Flyers Find Time For a Bonding Camp
(from the Philadelphia Inquirer)
By Sam Carchidi
Inquirer Staff Writer
October 13, 2009 - In what has become an annual tradition, the Flyers will hold a bonding camp this week, trying to get the players to learn more about their teammates.
The hope is that better chemistry off the ice will translate into more production on it.
After yesterday's practice in Voorhees, the 3-1-1 Flyers boarded a flight to sunny Fort Lauderdale, Fla., where they will eat meals together, compete in a team fishing tournament, and participate in a team sailboat race on the Atlantic Ocean.
They will also hold practices every day and work on conditioning, but the focus is on the off-ice activities and blending together the nine new players with the old standbys.
The Flyers play just one game - Friday against the Florida Panthers - in an 11-day span.
"It's an unusual break we have and we have to take advantage of it, and I think we can really push our conditioning here and really go over our team play and spend some time together," said coach John Stevens, who kiddingly called the coaches' boat the favorite in today's regatta. "The time we did that in Whistler [British Columbia] in-season, it was remarkable the effect it had on our team. They really had an opportunity to get some quality time together, have some fun together and work hard together at the same time."
Ian Laperriere, a veteran forward in his first season with the Flyers, has played most of his career in the Western Conference, whose teams have longer road trips than those in the East.
"In the West, you don't really need [bonding trips] because you travel quite a bit and you have time to get to know each other," he said. Five days in Florida is "going to give me a chance to know these guys a little more and it's going to get them to know me, too."
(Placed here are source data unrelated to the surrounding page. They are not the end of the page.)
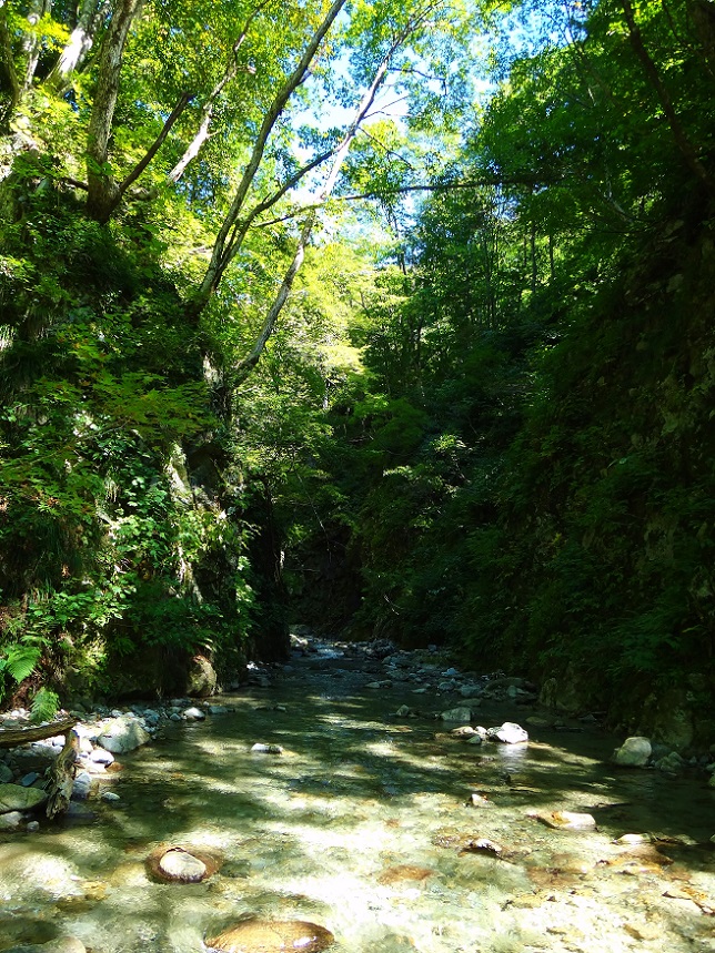 いきなりクマさんの糞が鎮座してて正直ビビりましたが、渓相はGOOD(喜)!? 倒木の山を乗り越え、滝を巻き、チョイ冒険気分♪ |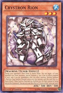 Description: During your opponent''s Main Phase or Battle Phase: You can target 1 of your banished non-Tuner monsters; Special Summon it, but it has its effects negated (if any), and if you do, immediately after this effect resolves, Synchro Summon 1 Machine-Type Synchro Monster using only that monster and this card (this is a Quick Effect). These Synchro Materials are shuffled into the Deck instead of being sent to the Graveyard. You can only use this effect of "Crystron Rion" once per turn.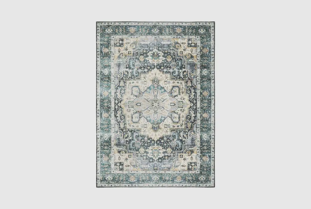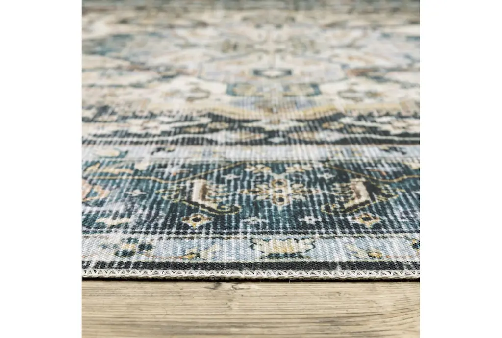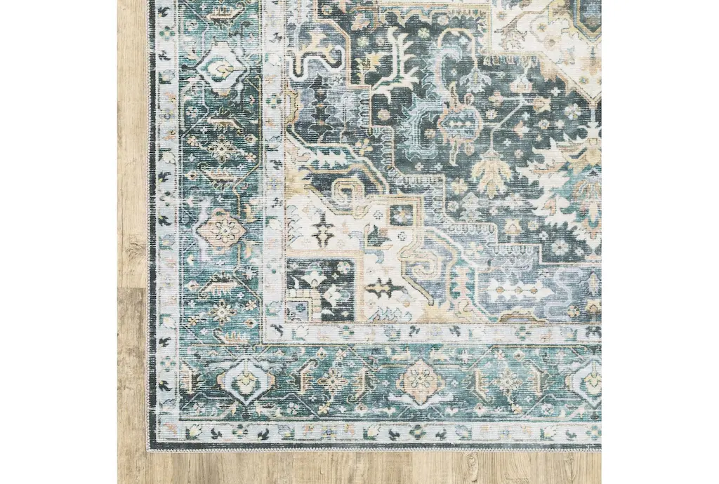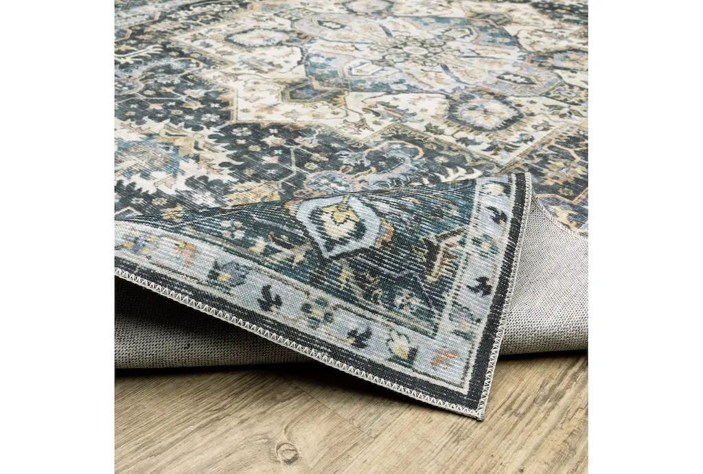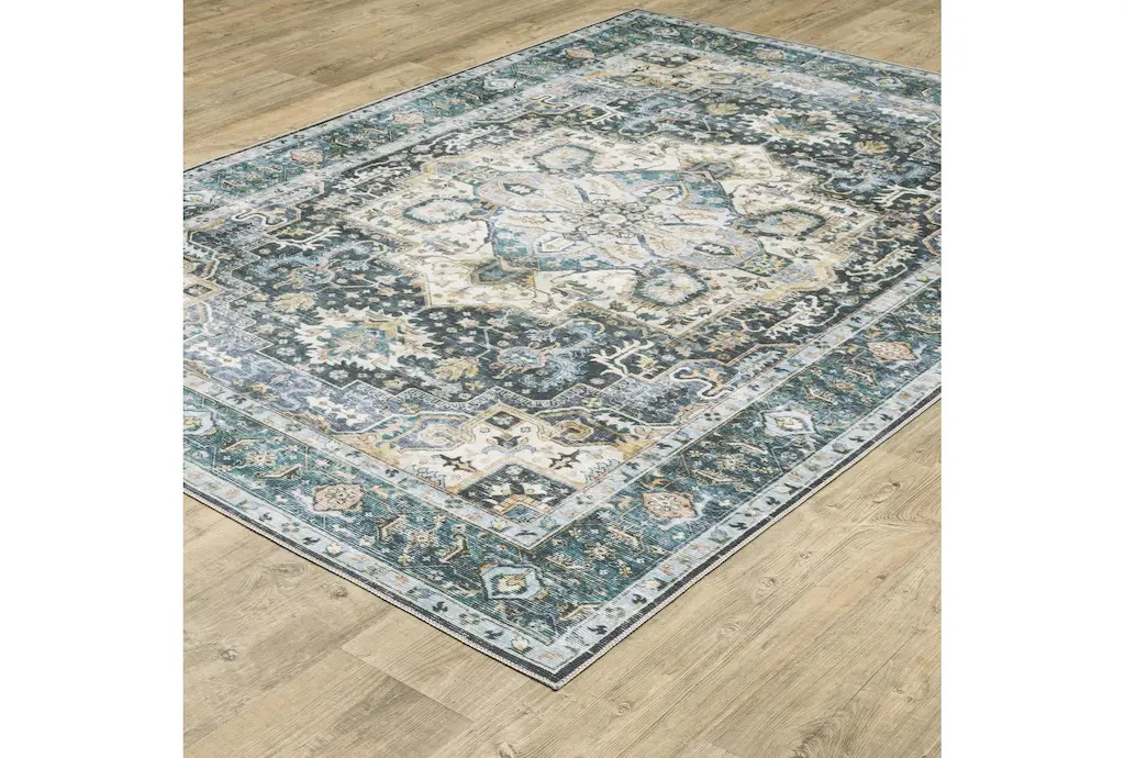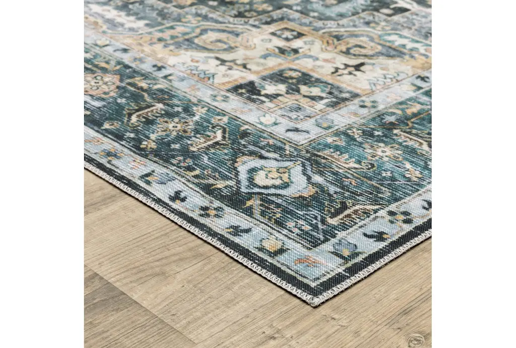 5'x7' Rug-Shem Creek Traditional Botanical Machine Washable Medallion Blue | Uv Resistant | Non Slip | Performance | Rectangle

And what will they learn about him?
"That I'm a boring guy," he said with a laugh.
Laperriere added that he hopes the sailboat he and some of his teammates are racing doesn't capsize because, "I swim like a rock. Hopefully, they've got a life vest."
Chris Pronger, another first-year Flyer, remembers going go-kart racing and to a shooting range to try to build unity when he was with Anaheim.
"Just to get the guys together, have some fun and get some good camaraderie and chemistry," he said. "It worked pretty well; it seems to get the guys together in a little different atmosphere and away from everything."
Laperriere, Pronger, Ray Emery, Brian Boucher, Blair Betts, Mika Pyorala, James van Riemsdyk, Danny Syvret, and Ole-Kristian Tollefsen are the Flyers' newcomers this season.
"It's good for the guys, especially being new to the team like myself, to get a chance to kind of get to know everybody and have some laughs," said Emery, who added that when he was with Ottawa, the team stayed at a resort for the sake of unity. "You spend all year together, so it's not like you're unfamiliar with each other, but guys have families and maybe you only see them at the rink, so this is a chance to have a boys' vacation and mix in hockey as well."